[WORK INSTRUCTIONS] Reproduce, word for word, the lines in the material below starting with the one that has "Rozměry: Šířka 230" and going on through the one that has "Ein stilvolles, hitzebeständiges". Leave out all pictures.

[EXERCISE DATA]
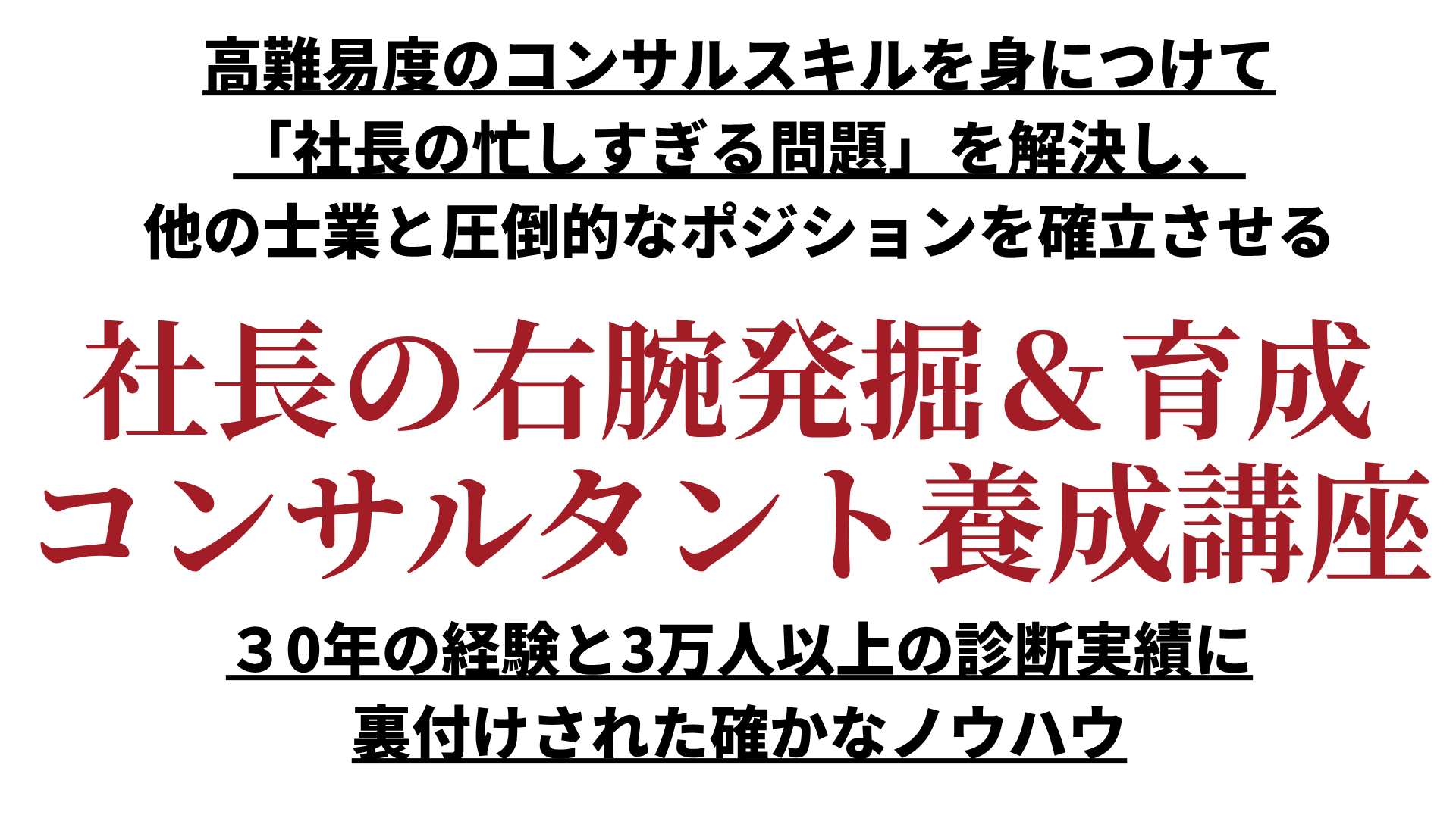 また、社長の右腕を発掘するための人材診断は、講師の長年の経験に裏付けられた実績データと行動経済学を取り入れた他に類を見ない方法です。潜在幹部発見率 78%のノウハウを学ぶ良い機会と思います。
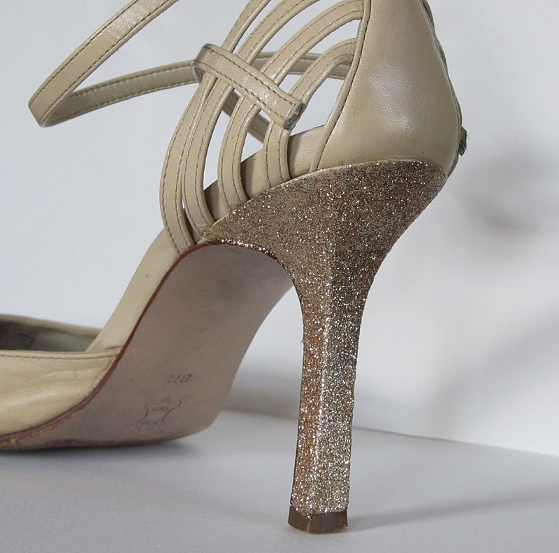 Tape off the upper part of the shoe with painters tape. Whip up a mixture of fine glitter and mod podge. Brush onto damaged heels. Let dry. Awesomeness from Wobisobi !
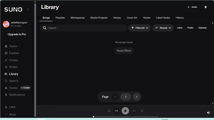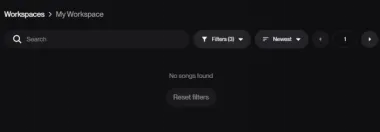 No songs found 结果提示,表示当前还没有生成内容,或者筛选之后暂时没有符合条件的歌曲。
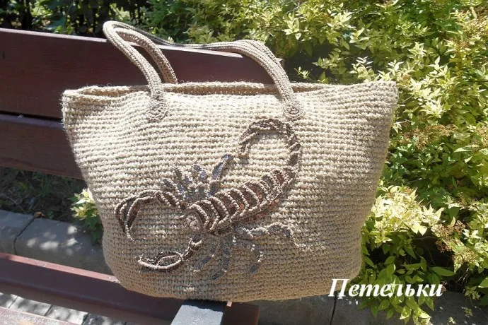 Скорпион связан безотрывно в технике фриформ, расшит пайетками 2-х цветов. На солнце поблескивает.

---

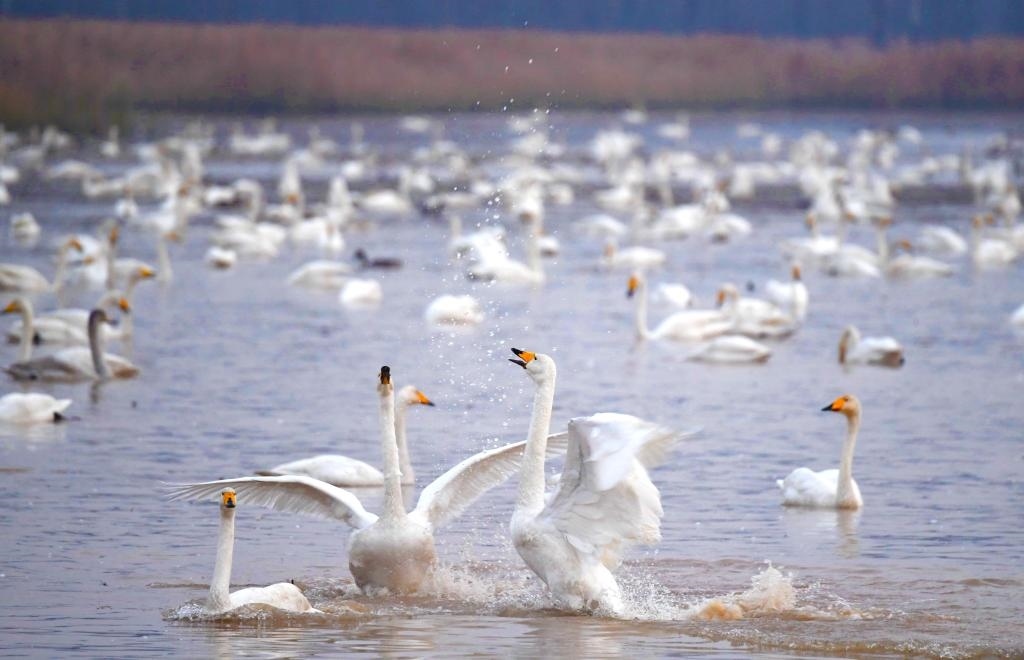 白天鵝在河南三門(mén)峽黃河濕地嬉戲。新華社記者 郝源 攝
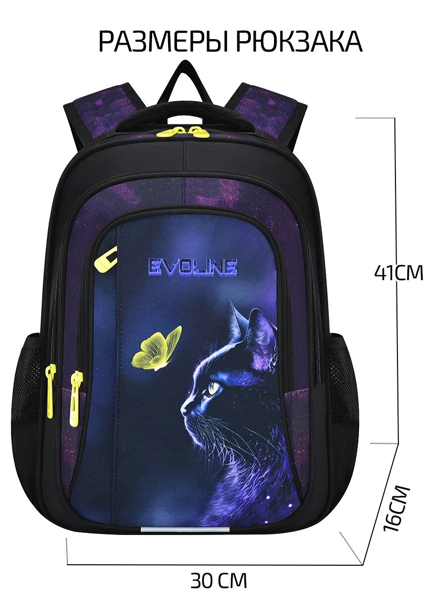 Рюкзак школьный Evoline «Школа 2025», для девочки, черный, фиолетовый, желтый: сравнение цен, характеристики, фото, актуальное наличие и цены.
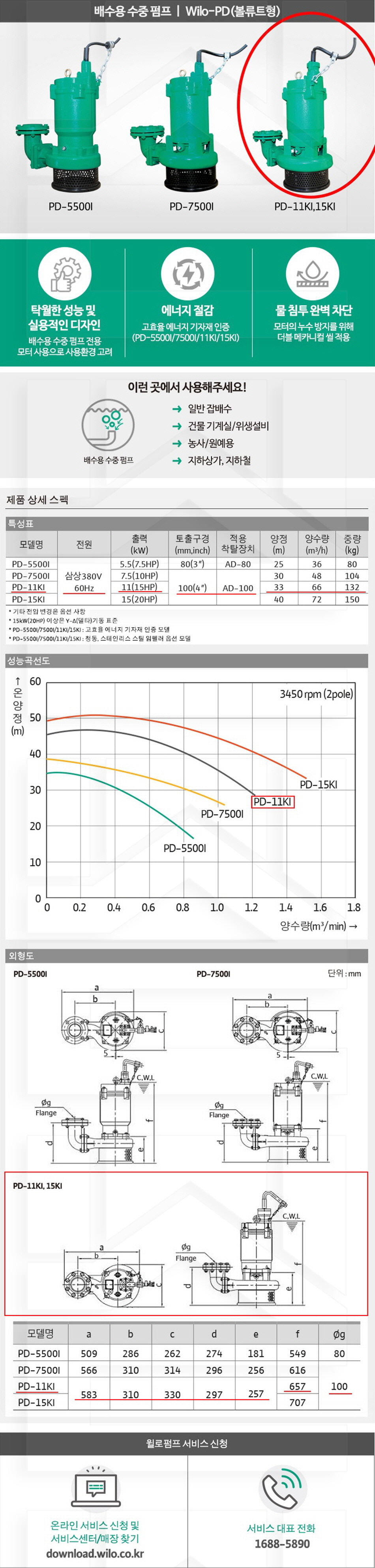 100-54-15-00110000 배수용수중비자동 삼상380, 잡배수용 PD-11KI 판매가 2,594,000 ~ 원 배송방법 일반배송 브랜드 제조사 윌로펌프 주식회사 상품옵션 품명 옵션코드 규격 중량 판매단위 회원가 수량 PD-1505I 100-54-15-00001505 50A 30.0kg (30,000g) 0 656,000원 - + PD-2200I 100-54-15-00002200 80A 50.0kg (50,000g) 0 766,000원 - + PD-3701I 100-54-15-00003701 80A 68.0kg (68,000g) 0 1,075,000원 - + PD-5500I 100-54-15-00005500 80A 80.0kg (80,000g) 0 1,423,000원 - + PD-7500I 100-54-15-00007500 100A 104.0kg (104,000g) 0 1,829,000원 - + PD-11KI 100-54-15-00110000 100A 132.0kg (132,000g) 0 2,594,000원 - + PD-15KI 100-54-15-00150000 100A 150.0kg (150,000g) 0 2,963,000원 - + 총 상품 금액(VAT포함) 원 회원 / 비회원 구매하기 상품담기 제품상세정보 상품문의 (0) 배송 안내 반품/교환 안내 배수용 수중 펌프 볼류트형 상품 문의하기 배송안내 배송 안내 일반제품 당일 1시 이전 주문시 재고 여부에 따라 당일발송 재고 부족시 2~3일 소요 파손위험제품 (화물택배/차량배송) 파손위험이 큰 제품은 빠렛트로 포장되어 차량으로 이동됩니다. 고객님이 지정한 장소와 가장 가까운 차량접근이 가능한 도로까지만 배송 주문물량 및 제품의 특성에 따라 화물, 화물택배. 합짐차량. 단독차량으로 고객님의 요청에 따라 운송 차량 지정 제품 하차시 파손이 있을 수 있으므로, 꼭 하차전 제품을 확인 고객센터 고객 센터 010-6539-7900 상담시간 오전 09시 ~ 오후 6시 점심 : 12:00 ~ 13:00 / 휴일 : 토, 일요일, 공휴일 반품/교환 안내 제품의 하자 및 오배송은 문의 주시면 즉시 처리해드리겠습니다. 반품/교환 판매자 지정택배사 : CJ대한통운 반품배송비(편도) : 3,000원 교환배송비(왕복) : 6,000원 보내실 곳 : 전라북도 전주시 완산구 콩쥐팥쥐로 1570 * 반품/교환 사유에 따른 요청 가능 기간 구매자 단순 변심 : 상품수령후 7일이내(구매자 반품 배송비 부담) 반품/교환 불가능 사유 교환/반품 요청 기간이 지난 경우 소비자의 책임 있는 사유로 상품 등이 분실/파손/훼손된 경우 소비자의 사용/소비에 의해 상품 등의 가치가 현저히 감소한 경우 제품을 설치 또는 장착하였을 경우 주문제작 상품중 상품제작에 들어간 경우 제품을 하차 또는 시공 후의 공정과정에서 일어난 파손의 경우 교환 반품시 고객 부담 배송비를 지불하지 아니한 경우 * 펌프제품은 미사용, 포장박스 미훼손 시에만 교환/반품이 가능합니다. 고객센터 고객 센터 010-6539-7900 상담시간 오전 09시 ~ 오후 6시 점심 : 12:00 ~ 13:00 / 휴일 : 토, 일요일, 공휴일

---

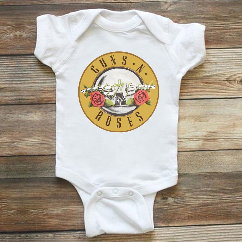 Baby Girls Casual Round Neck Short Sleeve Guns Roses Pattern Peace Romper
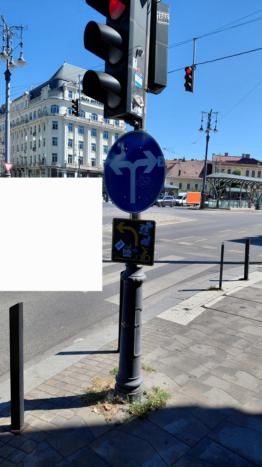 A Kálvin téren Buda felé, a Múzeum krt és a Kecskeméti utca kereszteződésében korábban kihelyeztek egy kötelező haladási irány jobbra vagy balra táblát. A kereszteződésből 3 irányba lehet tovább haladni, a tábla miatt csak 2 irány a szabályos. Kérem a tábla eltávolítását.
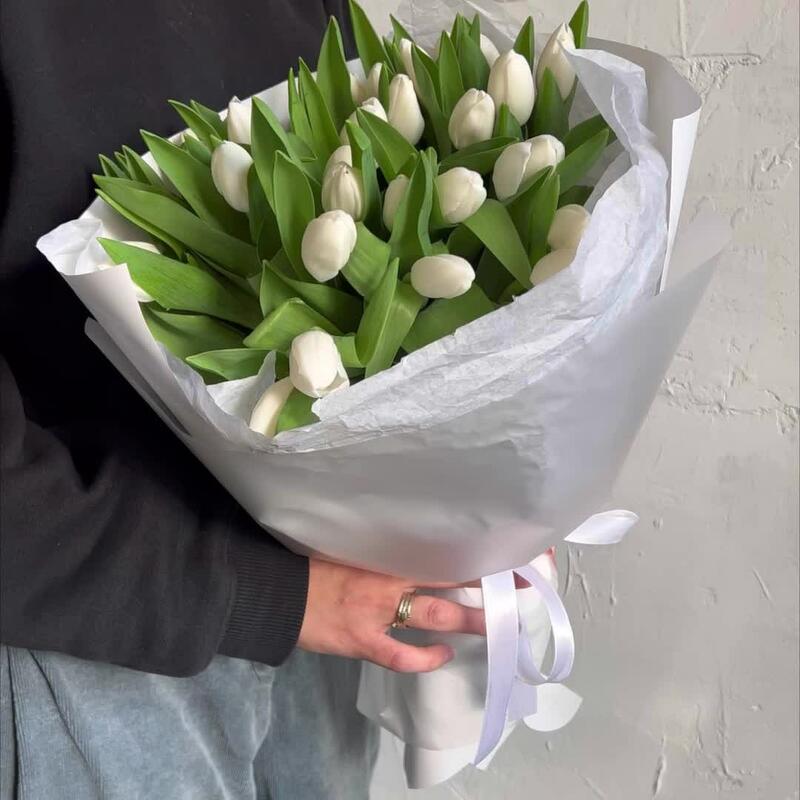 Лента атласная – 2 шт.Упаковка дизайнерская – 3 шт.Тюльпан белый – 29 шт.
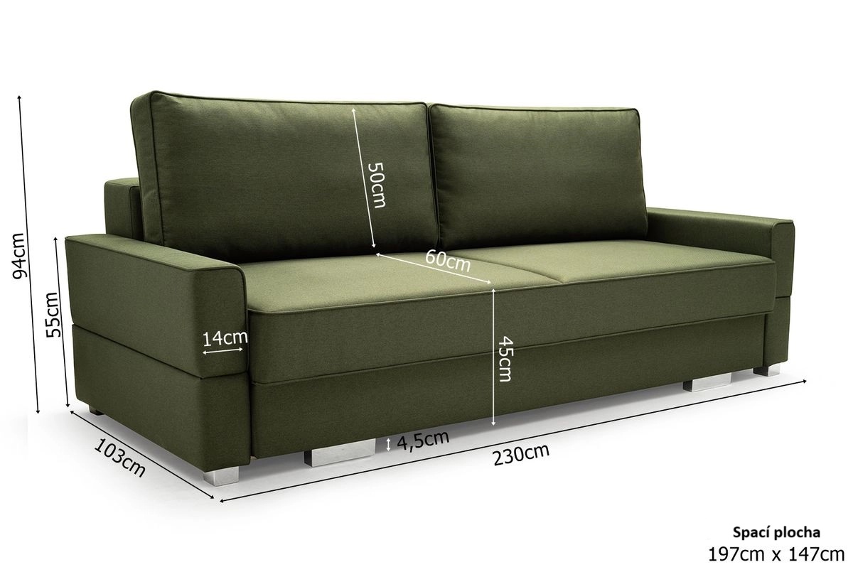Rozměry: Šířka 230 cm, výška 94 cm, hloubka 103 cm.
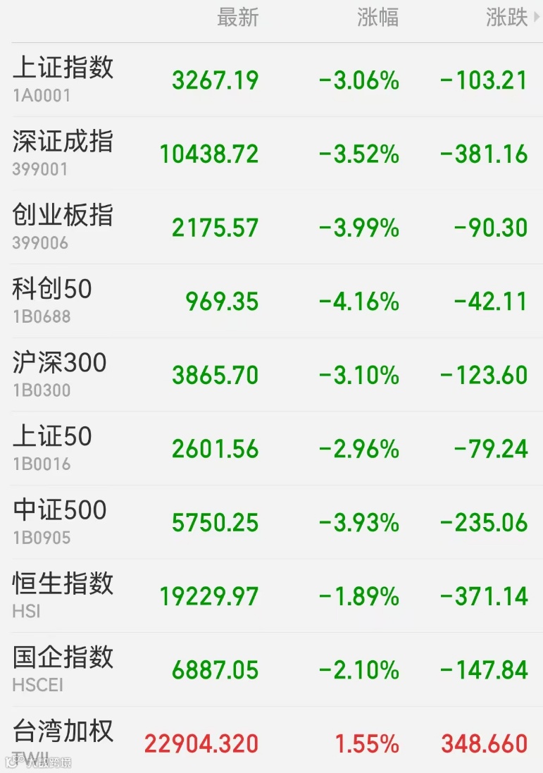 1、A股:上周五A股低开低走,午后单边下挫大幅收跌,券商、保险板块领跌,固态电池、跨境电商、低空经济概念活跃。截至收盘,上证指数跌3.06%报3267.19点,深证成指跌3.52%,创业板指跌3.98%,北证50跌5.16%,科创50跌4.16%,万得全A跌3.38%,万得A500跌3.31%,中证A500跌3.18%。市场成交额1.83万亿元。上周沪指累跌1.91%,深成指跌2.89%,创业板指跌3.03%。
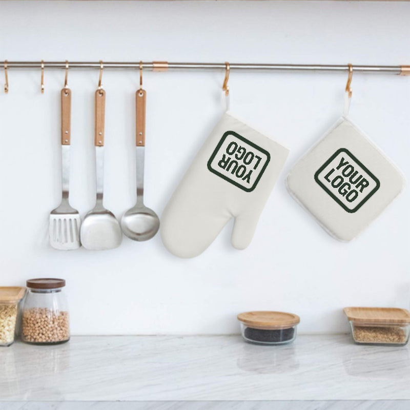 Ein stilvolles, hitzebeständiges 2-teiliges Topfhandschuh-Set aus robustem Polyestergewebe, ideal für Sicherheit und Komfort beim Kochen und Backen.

[RESPONSE TO THIS EXERCISE]
Rozměry: Šířka 230 cm, výška 94 cm, hloubka 103 cm.
 1、A股:上周五A股低开低走,午后单边下挫大幅收跌,券商、保险板块领跌,固态电池、跨境电商、低空经济概念活跃。截至收盘,上证指数跌3.06%报3267.19点,深证成指跌3.52%,创业板指跌3.98%,北证50跌5.16%,科创50跌4.16%,万得全A跌3.38%,万得A500跌3.31%,中证A500跌3.18%。市场成交额1.83万亿元。上周沪指累跌1.91%,深成指跌2.89%,创业板指跌3.03%。
 Ein stilvolles, hitzebeständiges 2-teiliges Topfhandschuh-Set aus robustem Polyestergewebe, ideal für Sicherheit und Komfort beim Kochen und Backen.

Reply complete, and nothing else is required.